Submitted by on July 18, 2010 – 9:41 am14 Comments

Once upon a time, in a land far, far away, hip-hop was all about “keeping it real.” If you weren’t what you claimed to be on a record, you were banished from the culture. Remember female gangster rapper Bo$$? The hardcore femcee made waves with her debut album Born Gangstaz and the single “Deeper.” All was well until she revealed to the Wall Street Journal she grew up in an upper middle-class family and attended private school. Her credibility took a major blow and Def Jam subsequently shelved her sophomore album before finally dropping her from the label.

It appeared being a studio gangster would not be tolerated.

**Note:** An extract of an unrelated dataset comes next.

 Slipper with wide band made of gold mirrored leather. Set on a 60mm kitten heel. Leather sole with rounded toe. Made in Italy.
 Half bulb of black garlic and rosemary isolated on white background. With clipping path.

Fast forward to 2008 where Florida rapper Rick Ross was seeing his star burn bright after releasing two well-received albums (2006′s Port of Miami & 2008′s Trilla). Ross ripped rhymes about the dope game and being a true gangster with songs such as “Hustlin’” and “The Boss.” Everyone was buying into it and enjoyed Ross’s brand of mafioso rap.

But in July of 2008, The Smoking Gun produced overwhelming evidence linking Ross to an eighteen-month stint as a correctional officer in a Florida prison facility. With his back against the wall and his image in question, Ross denied everything. But when the photos surfaced of the large rapper in a corrections uniform, there was nothing else he could say. It looked like this would be the Bo$$ situation all over again. Rapper 50 Cent took shots at Ross in a high-profile feud, and it appeared the “Bawse” was about to don the role of “studio gangster.”

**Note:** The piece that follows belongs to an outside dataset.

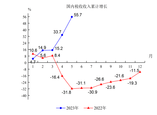 5.国内税收收入51.81亿元,增长55.7%,比1-3月提高40.5个百分点;总量居第5位,增速居第2位。

Oh, how have things changed…

Instead of Rick Ross’s career landing in the toilet, it appears he’s become an even bigger star since the incident, while 50 Cent has found his presence to be less significant. Rick’s Deeper Than Rap received positive reviews and became the fourth highest-selling rap album in 2009. It spawned singles “Magnificent” and the monster street anthem “Maybach Music” which featured Kanye West, T-Pain and Lil Wayne. Even though Ross was caught rocking faux Louis Vuitton shades on the cover of XXL, nobody seemed to bat a lash and continued giving Ross kudos.

We’re days away from the official release of Ross’s fourth studio album Teflon Don and the anticipation couldn’t be higher. For those who have garnered a listen, it is easy to say this is Ross’s finest work to date. The production is top shelf, his lyrics have gotten better and the guests lend a great helping hand, making this—arguably—the album of the summer.

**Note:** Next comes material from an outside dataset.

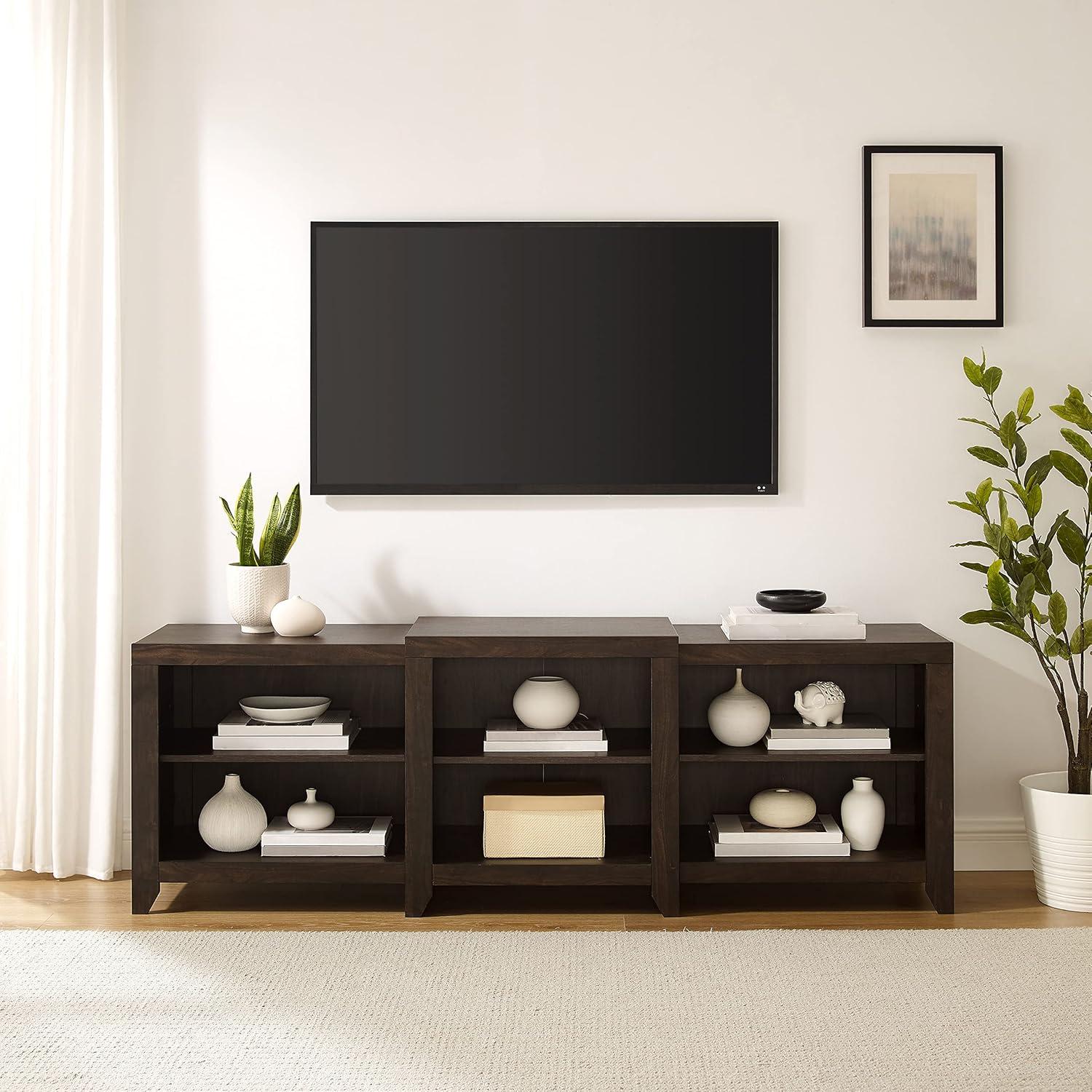 This low-profile media console strikes a fine balance between style and functionality. With its dark walnut finish and tapered legs, it seamlessly blends into a variety of interior themes-from farmhouse coziness to mid-century modern charm. The open cabinets with adjustable shelving allow for flexible storage options, making it easy to organize consoles, streaming devices, and other accessories without overcrowding your space. We especially appreciate the built-in cable management system which helps maintain a clean, clutter-free entertainment area. Plus, the sturdy construction supports TVs up to 75 inches and 100 pounds, ensuring peace of mind when setting up your biggest screen.

But all of this begs the question “What happened to keeping it real?”

What was once something rappers lived and died for has become a mere afterthought. As long as the music is good, all is well. Once upon a time, hip-hop was all about individuals coming from the streets and telling those tales on wax. If you were found to be a phony, you were exiled from the island. This isn’t to say Ross didn’t do dirt before being a corrections officer—he very well may have. But if Snoop Dogg was exposed as a policeman back when Doggystyle was released, I’m quite sure that he wouldn’t be treated the same.